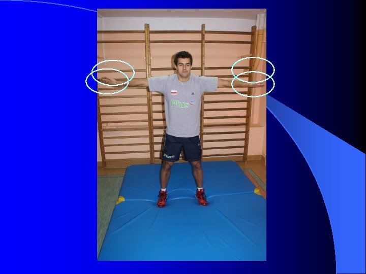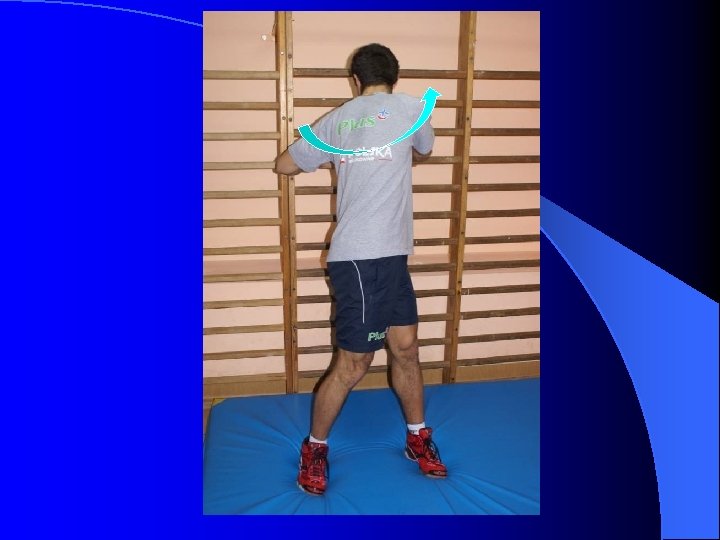 l W dowolnej pozycji (staniu, siedzeniu), prostą ręką dociskami do klatki piersiowej, ręką przeciwną pomagamy w dociskaniu
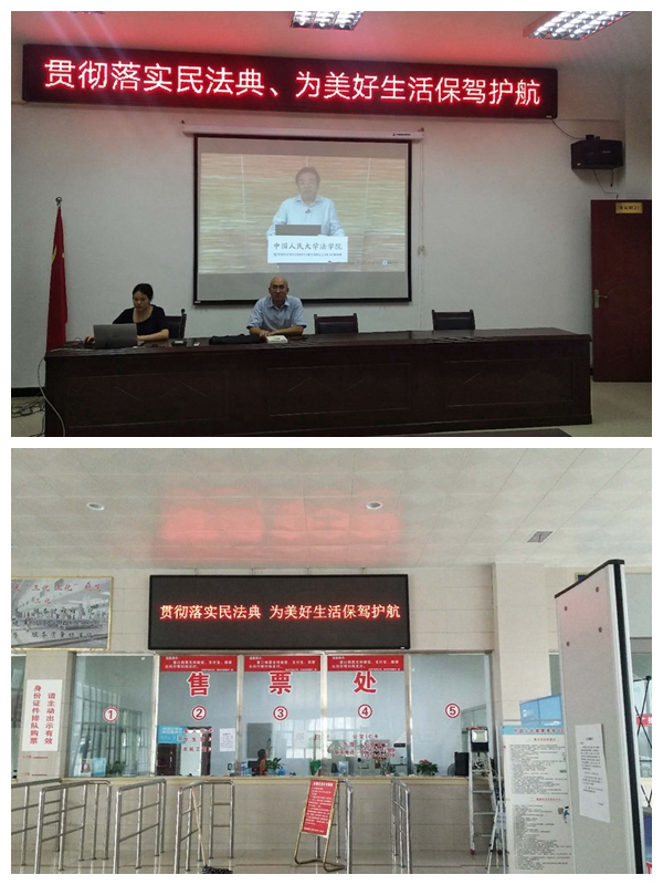 7月14日,岳西分公司在車站站前廣場(chǎng)電子屏幕上滾動(dòng)播放了“貫徹落實(shí)民法典,為美好生活保駕護(hù)航”等宣傳標(biāo)語。
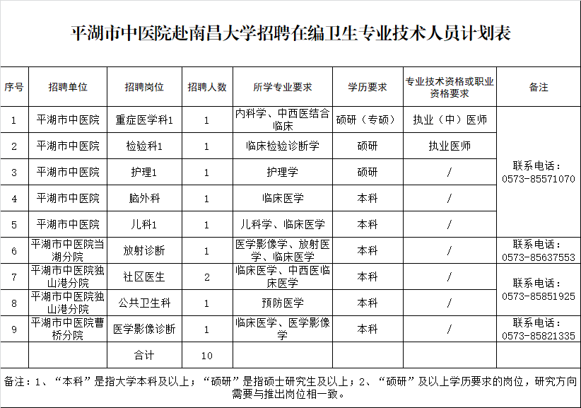 浙江省嘉興市平湖市中醫(yī)院赴南昌大學(xué)招聘在編衛(wèi)生專業(yè)技術(shù)人員10人
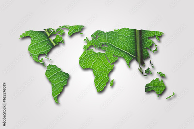 Eco world map made of green leaves, concept ecology. Environment day.
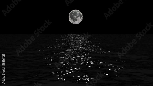 The watermark will not be included on Wall mural.: Moonlight path with low fool moon above the sea
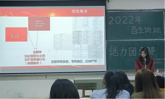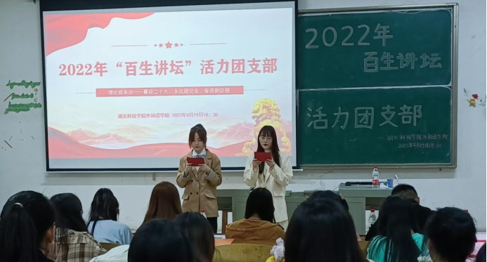 为庆祝建团一百周年,推进习近平新时代中国特色社会主义思想进支部、进社团、进网络、进团课,落实“四进四信”的特色活动,4月19日晚,在学工办汪巧老师、李锦煌老师以及外院团委学生会三位主席团成员的带领下,湖北科技学院776net必赢官网于教八101开展了以“理论学习我来讲”为主题的活力团支部竞选活动。
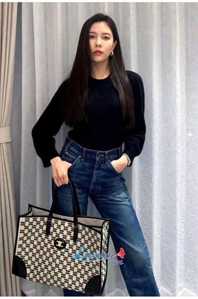 [스페셜오더]CELINE-194342 셀린느 블랙 트리오페 자수 호리즌탈 카바스 토트백
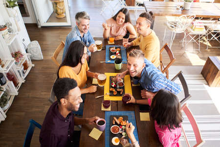 Close Up Of Group Of Friends Joining Family Sitting Around Table At Home Enjoying Meal Together

☆ ☆ ☆ ☆ ☆ ☆ ☆

| WORK REQUIRED |
Set down, word for word, the full listing above, and carry over no pictures.

| ANSWER TO THIS TASK |
 l W dowolnej pozycji (staniu, siedzeniu), prostą ręką dociskami do klatki piersiowej, ręką przeciwną pomagamy w dociskaniu
 7月14日,岳西分公司在車站站前廣場(chǎng)電子屏幕上滾動(dòng)播放了“貫徹落實(shí)民法典,為美好生活保駕護(hù)航”等宣傳標(biāo)語。
 浙江省嘉興市平湖市中醫(yī)院赴南昌大學(xué)招聘在編衛(wèi)生專業(yè)技術(shù)人員10人
 Eco world map made of green leaves, concept ecology. Environment day.
 The watermark will not be included on Wall mural.: Moonlight path with low fool moon above the sea
 为庆祝建团一百周年,推进习近平新时代中国特色社会主义思想进支部、进社团、进网络、进团课,落实“四进四信”的特色活动,4月19日晚,在学工办汪巧老师、李锦煌老师以及外院团委学生会三位主席团成员的带领下,湖北科技学院776net必赢官网于教八101开展了以“理论学习我来讲”为主题的活力团支部竞选活动。
 [스페셜오더]CELINE-194342 셀린느 블랙 트리오페 자수 호리즌탈 카바스 토트백
 Close Up Of Group Of Friends Joining Family Sitting Around Table At Home Enjoying Meal Together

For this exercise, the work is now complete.